The “Twelve Days of Christmas” is a song published in England in 1780 in a book of children’s songs entitled Mirth without Mischief. The song has a longer title: “The Twelve Days of Christmas Sung at King Pepin’s Ball.” There was a King Pépin, Pépin the Short, Pépin le Bref or, literally, Pepin the Brief, the first Carolingian to be king.
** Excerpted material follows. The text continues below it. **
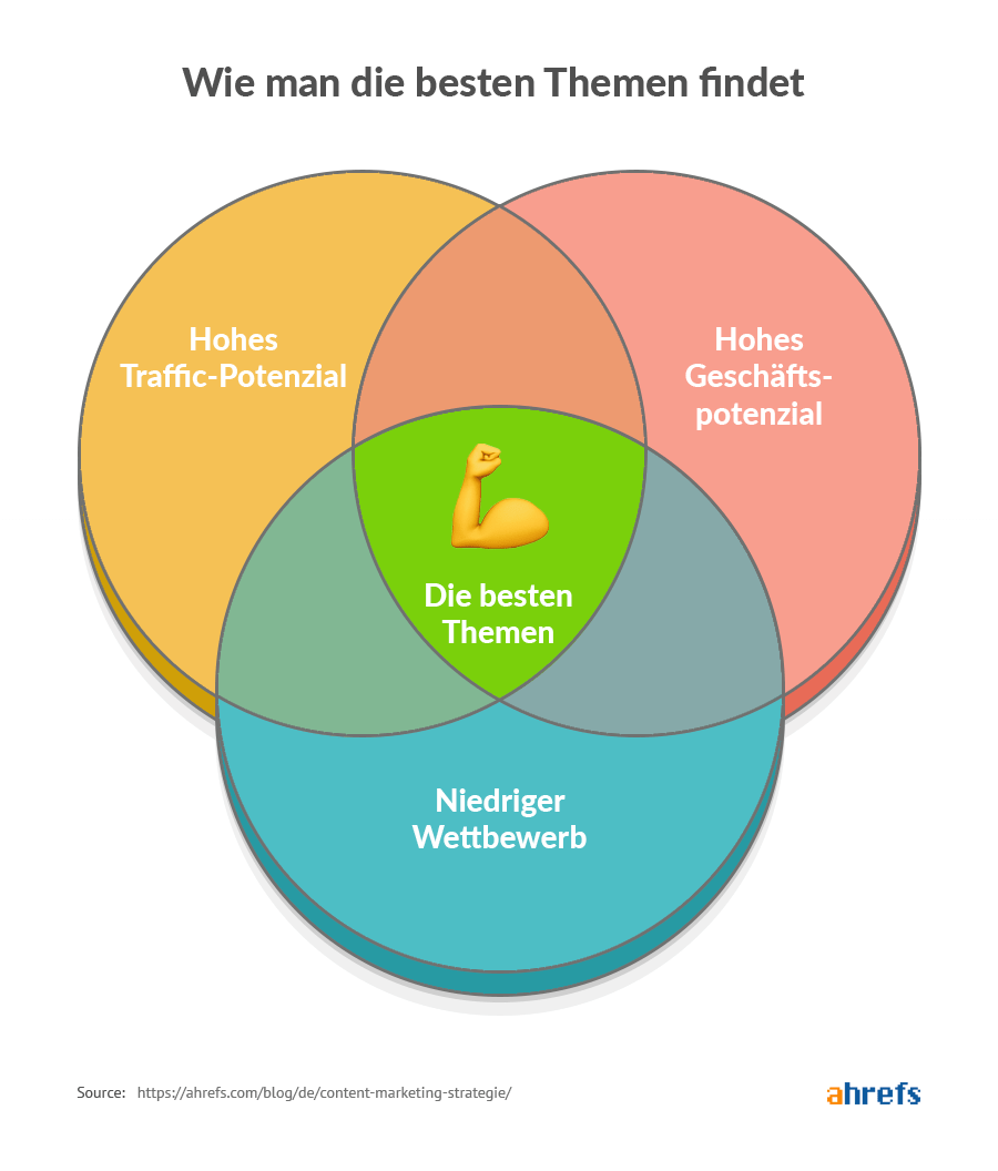 Die besten Themen sind die mit einem hohen Traffic-Potenzial und Geschäftswert und einem geringen Wettbewerb:

And the song may be French in origin:
Cecil Sharpobserved that from the constancy in English, French, and Languedoc versions of the ‘merry little partridge,’ I suspect that ‘pear-tree’ is really perdrix (Old Frenchpertriz) carried into England”; and “juniper tree” in some English versions may have been “joli perdrix,” [pretty partridge]. Sharp also suggests the adjective “French” in “three French hens”, probably simply means “foreign”. (See The Twelve Days of Christmas, Wikipedia.)
Associated with the Epiphany, the twelfth day of Christmas, or January 6th, is “We Three Kings.” The three kings are Melchior, Caspar and Balthazar. Spellings vary.
“[A]ccording to Western church tradition, Balthasar is often represented as a king of Arabia, Melchior as a king of Persia, and Gaspar as a king of India.” (Encyclopædia Britannica.) They brought gifts to Jesus. (See Biblical Magi, Wikipedia.)
The Julian & Gregorian calendars: Eastern & Western churches
The Western church does not celebrate Christmas on the same days as the Eastern church, the Orthodox church. In Russia, Christmas is celebrated on January 7th. The difference is due to the Orthodox church’s use of the Julian (45 BCE) rather than Gregorian calendar (1582 CE) to situate Christmas. Gregory VIII‘s (7 January 1502 – 10 April 1585) calendar introduced the leap year. In Russia, festivities begin on December 31st and end on January 10th. The Orthodox church has fewer days of Christmas. (see Christmas in Russia, Wikipedia ), but Advent begins on 28 November and lasts until December 31st. (See whychristmas.com.)
In the Western church, Christmas is celebrated on or near the Winter Solstice which, this year, was December 22nd. Protestant churches celebrate Christmas on the same day as Roman Catholics. But both the Western Christmas (Catholic and Protestant) and Eastern Christmas are celebrated at the same time as a former ‘pagan’ feasts. Therefore, the seasons have remained the marker. The Christianization of Kievan Rus’ dates to the year 988 CE, when Vladimir the Great was baptized in Chersonesus and then went on to baptise members of his family and the people of Kiev (Ukraine). (See Christmas in Russia, Wikipedia.)
Babushka
In Russia, a story is associated with the Kings of Orient (the Wise men), that of Babushka, who gives the kings a room to rest. They leave without her noticing. She goes to Bethlehem, but the kings have left. The origin of this story may be American. (See whychristmas.com.)